ASSIGNED TASK: Using only the entries below, copy exactly the lines that begin at the one with "Der Verkehr aus" and end at the one with "nylon pouch. Boxed.", both included. Drop the pictures.

---------- EXTRACTED INFORMATION

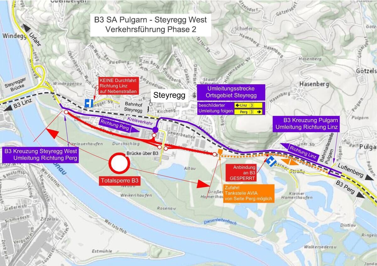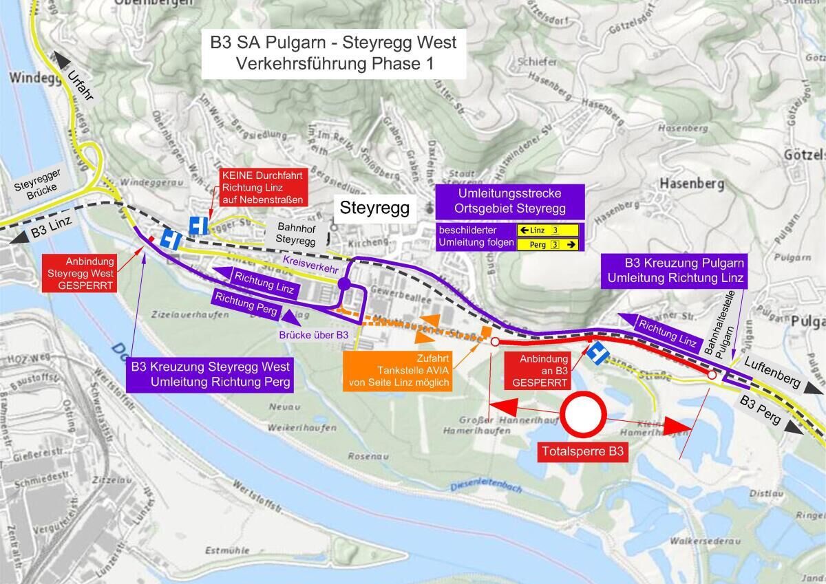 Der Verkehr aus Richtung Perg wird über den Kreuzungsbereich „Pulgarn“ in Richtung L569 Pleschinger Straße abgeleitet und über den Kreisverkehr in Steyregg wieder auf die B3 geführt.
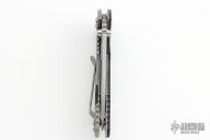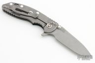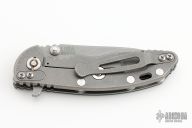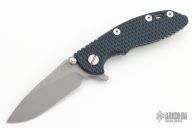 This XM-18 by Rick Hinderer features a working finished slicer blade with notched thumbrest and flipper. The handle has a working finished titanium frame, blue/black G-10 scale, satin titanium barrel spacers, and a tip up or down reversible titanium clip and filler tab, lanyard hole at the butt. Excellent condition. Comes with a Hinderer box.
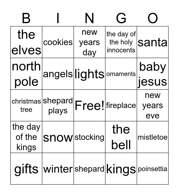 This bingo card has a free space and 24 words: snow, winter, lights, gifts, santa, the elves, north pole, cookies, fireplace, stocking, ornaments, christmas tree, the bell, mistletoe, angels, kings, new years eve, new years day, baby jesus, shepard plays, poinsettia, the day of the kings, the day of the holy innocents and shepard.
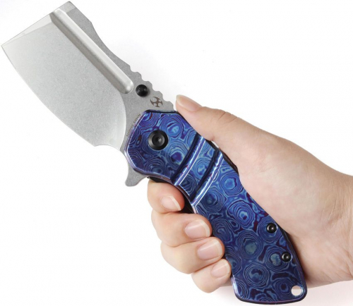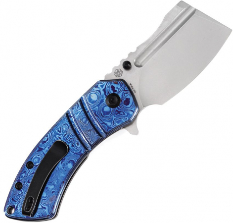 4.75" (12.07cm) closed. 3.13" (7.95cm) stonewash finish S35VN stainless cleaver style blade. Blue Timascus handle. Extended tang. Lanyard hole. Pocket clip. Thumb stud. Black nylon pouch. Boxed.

--------------------
---------- EXTRACTED INFORMATION

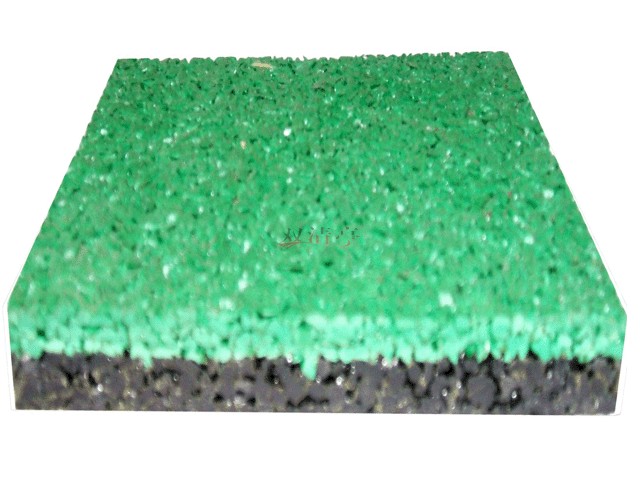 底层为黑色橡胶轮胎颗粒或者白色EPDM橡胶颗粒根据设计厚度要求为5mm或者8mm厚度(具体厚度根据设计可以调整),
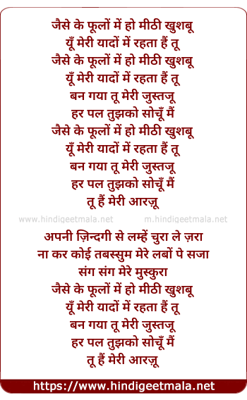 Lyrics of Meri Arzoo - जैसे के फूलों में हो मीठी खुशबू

--------------------

EXERCISE ANSWER:
 Der Verkehr aus Richtung Perg wird über den Kreuzungsbereich „Pulgarn“ in Richtung L569 Pleschinger Straße abgeleitet und über den Kreisverkehr in Steyregg wieder auf die B3 geführt.
 This XM-18 by Rick Hinderer features a working finished slicer blade with notched thumbrest and flipper. The handle has a working finished titanium frame, blue/black G-10 scale, satin titanium barrel spacers, and a tip up or down reversible titanium clip and filler tab, lanyard hole at the butt. Excellent condition. Comes with a Hinderer box.
 This bingo card has a free space and 24 words: snow, winter, lights, gifts, santa, the elves, north pole, cookies, fireplace, stocking, ornaments, christmas tree, the bell, mistletoe, angels, kings, new years eve, new years day, baby jesus, shepard plays, poinsettia, the day of the kings, the day of the holy innocents and shepard.
 4.75" (12.07cm) closed. 3.13" (7.95cm) stonewash finish S35VN stainless cleaver style blade. Blue Timascus handle. Extended tang. Lanyard hole. Pocket clip. Thumb stud. Black nylon pouch. Boxed.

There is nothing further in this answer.